Extracted material:
___

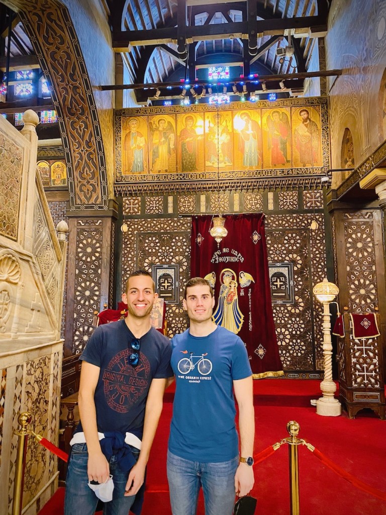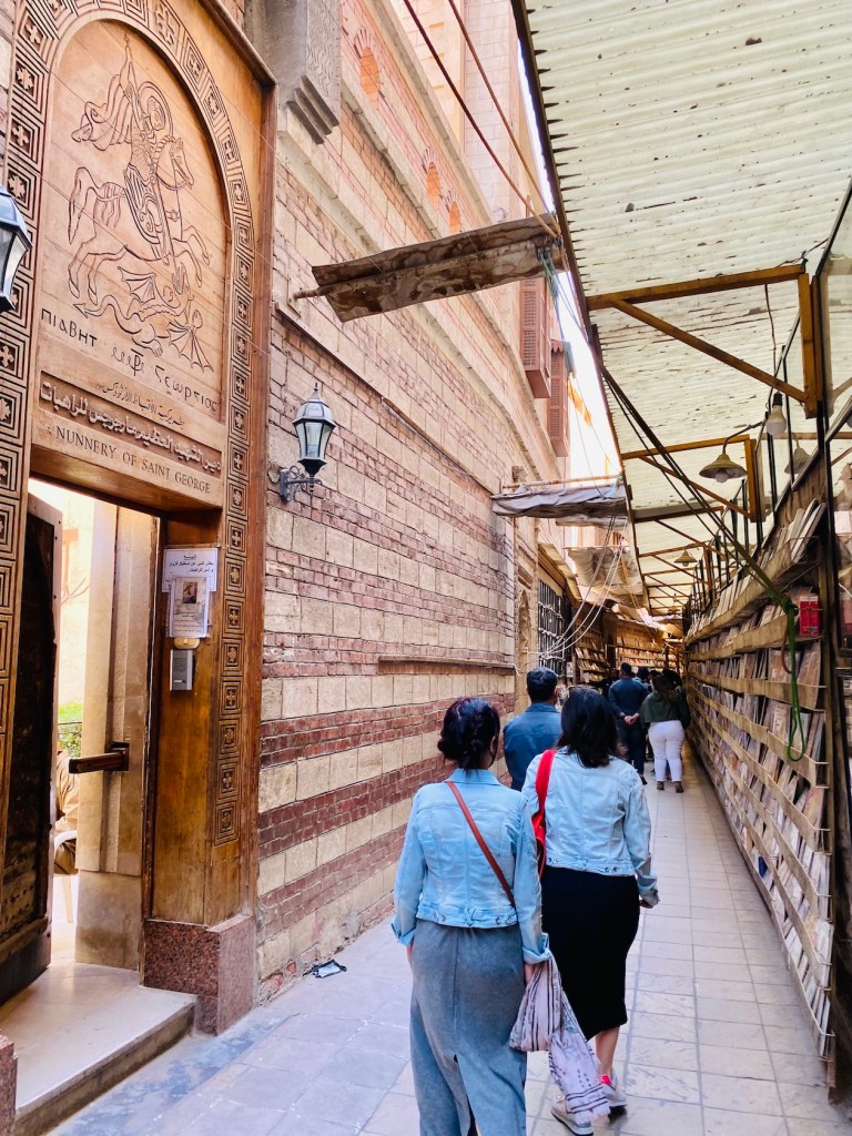 Después nos dirigimos hacia el Barrio Copto, el último reducto cristiano que queda en El Cairo. Menos del 10% de la población de El Cairo es cristiana, por lo que en este barrio se encuentra la única zona católica de la ciudad. En el barrio copto de El Cairo no os podéis perder, la iglesia de Santa María (también llamada iglesia colgante por estar sobre las antiguas murallas de la fortaleza de Babilonia), la iglesia de San Jorge y la sinagoga de Ben Ezra.
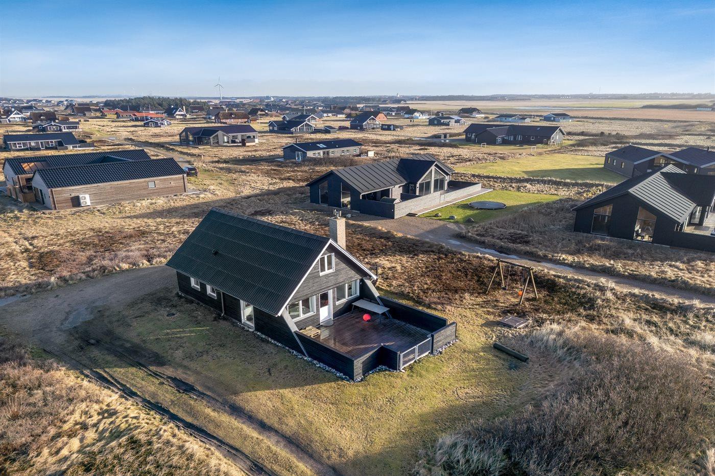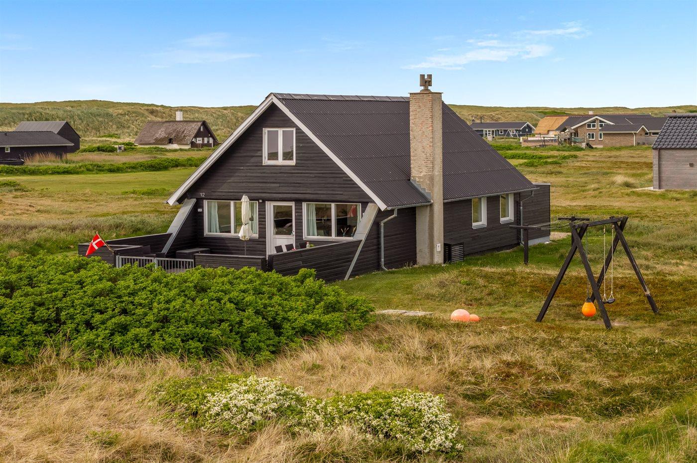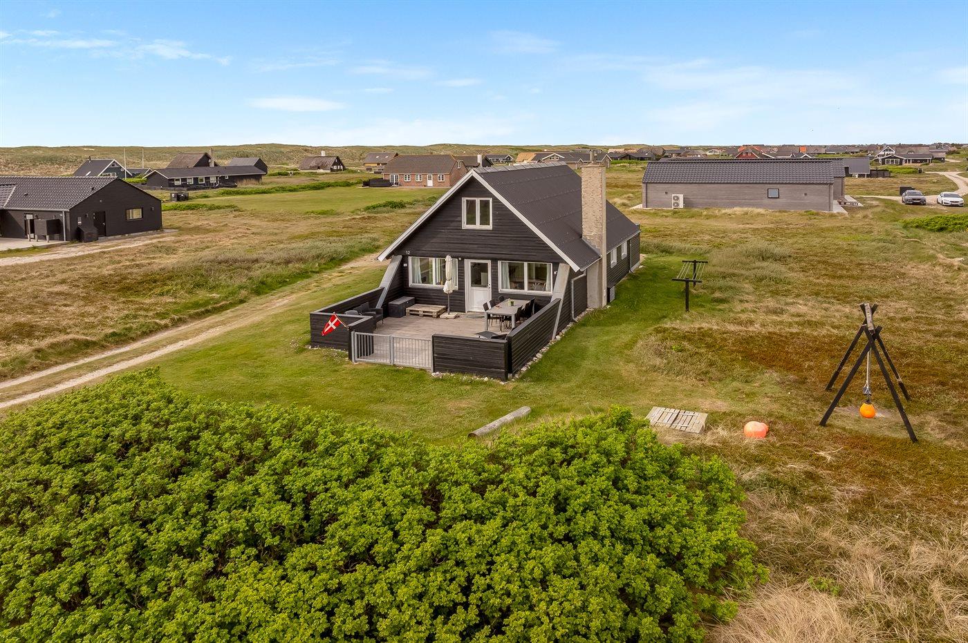 Hyggeligt sommerhus nær Vesterhavet med sauna, aktivitetsrum og stor lukket terrasse.
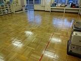 学期末を迎え、恒例の「ワックスかけ」を行いました。教室の机・椅子を廊下に出し、清掃をした後、ワックスを一面に塗りました。児童の下校後、ワックスかけをし、明日の朝まで乾かそうという作戦です。見事にピカピカです。
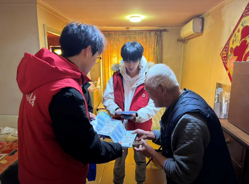 实践队重点开展入户敬老服务,走进社区老年居民家中。队员们主动帮忙打扫房间、整理杂物,用实际行动为老人营造整洁舒适的居住环境;陪老人拉家常、话冷暖,倾听他们的生活趣事与需求,给予情感上的慰藉。同时,结合节气特点,队员们向老人科普冬季养生知识,提醒他们注意保暖、合理膳食。一句句暖心的问候、一次次贴心的服务,让老人们切实感受到社区与实践队的关怀,也让敬老爱老的传统美德在实践中得以传承。
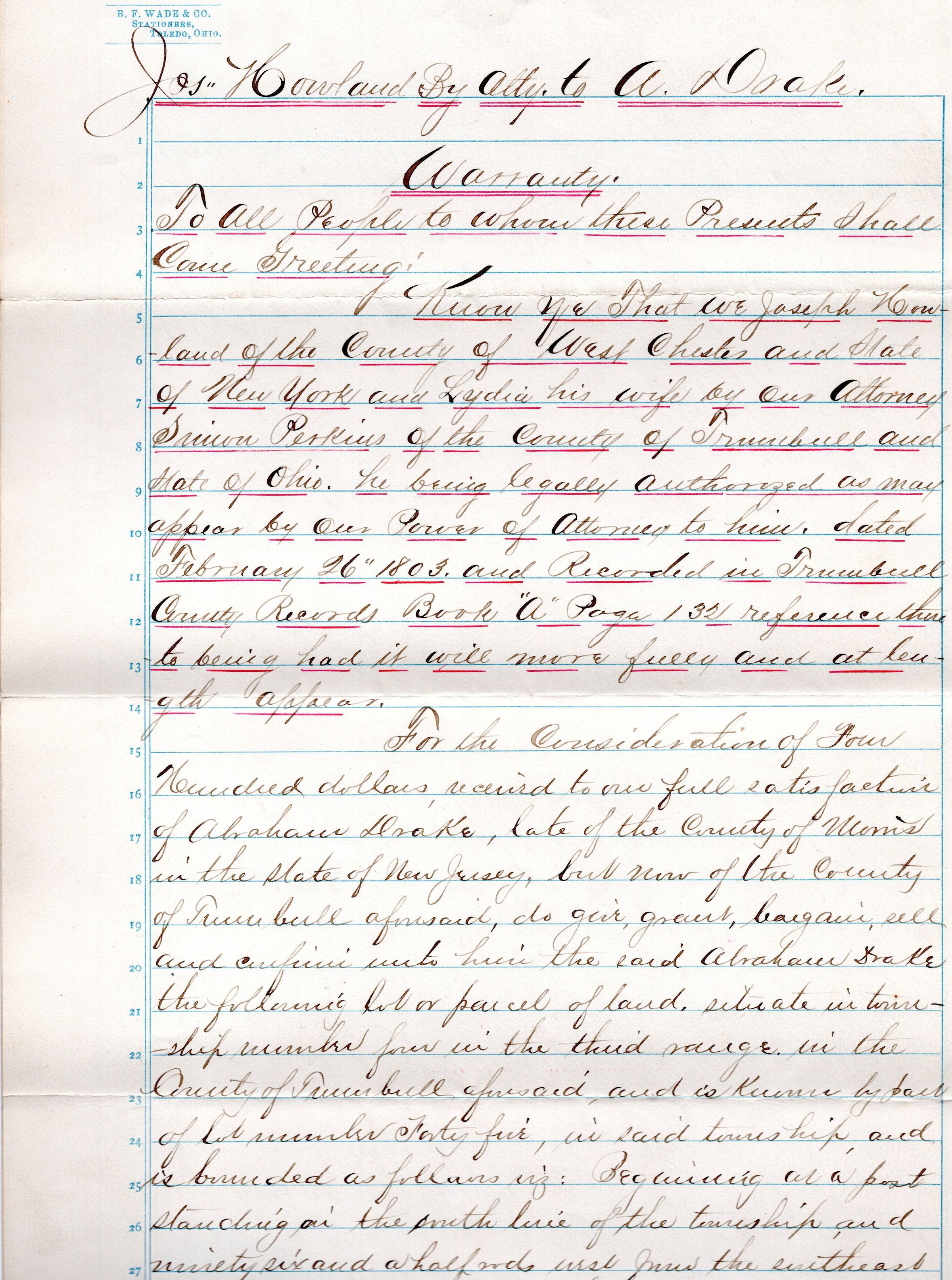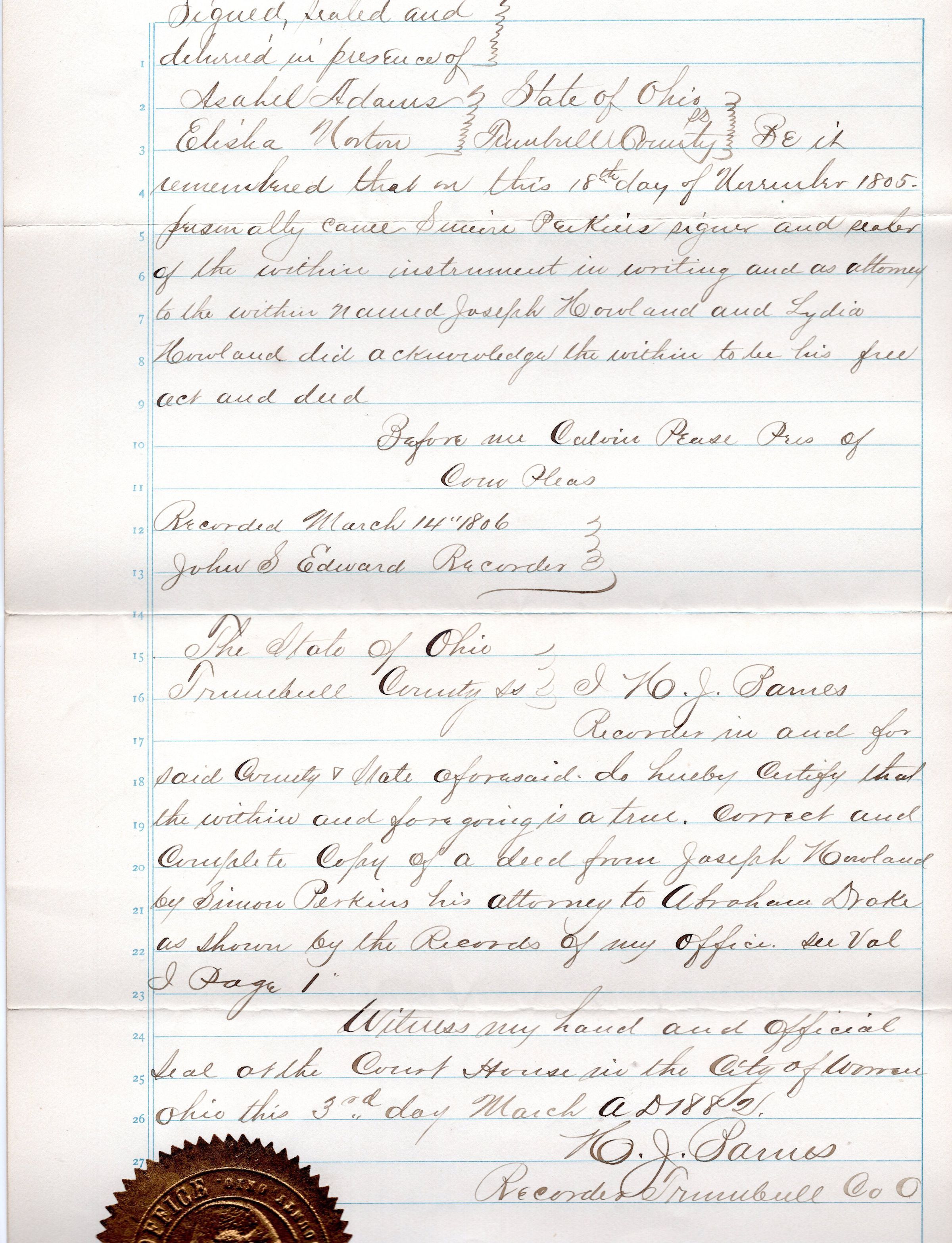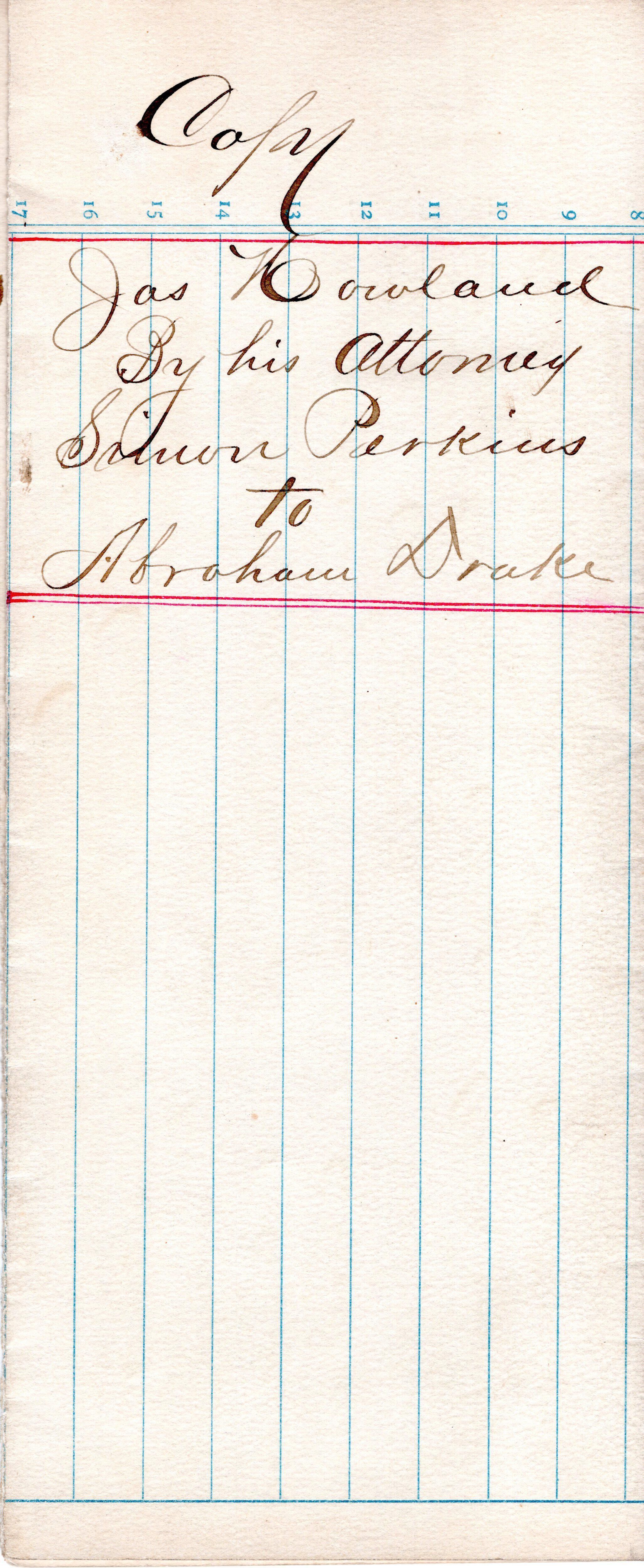 Warranty Deed Joseph Howland by His Attorney, Simon Perkins to Abraham Drake

___

Work to be completed: For this exercise, transcribe exactly only the lines from the one containing "学期末を迎え、恒例の「ワック" through the end of the listing, inclusive, without the pictures.

Output for this task:
 学期末を迎え、恒例の「ワックスかけ」を行いました。教室の机・椅子を廊下に出し、清掃をした後、ワックスを一面に塗りました。児童の下校後、ワックスかけをし、明日の朝まで乾かそうという作戦です。見事にピカピカです。
 实践队重点开展入户敬老服务,走进社区老年居民家中。队员们主动帮忙打扫房间、整理杂物,用实际行动为老人营造整洁舒适的居住环境;陪老人拉家常、话冷暖,倾听他们的生活趣事与需求,给予情感上的慰藉。同时,结合节气特点,队员们向老人科普冬季养生知识,提醒他们注意保暖、合理膳食。一句句暖心的问候、一次次贴心的服务,让老人们切实感受到社区与实践队的关怀,也让敬老爱老的传统美德在实践中得以传承。
 Warranty Deed Joseph Howland by His Attorney, Simon Perkins to Abraham Drake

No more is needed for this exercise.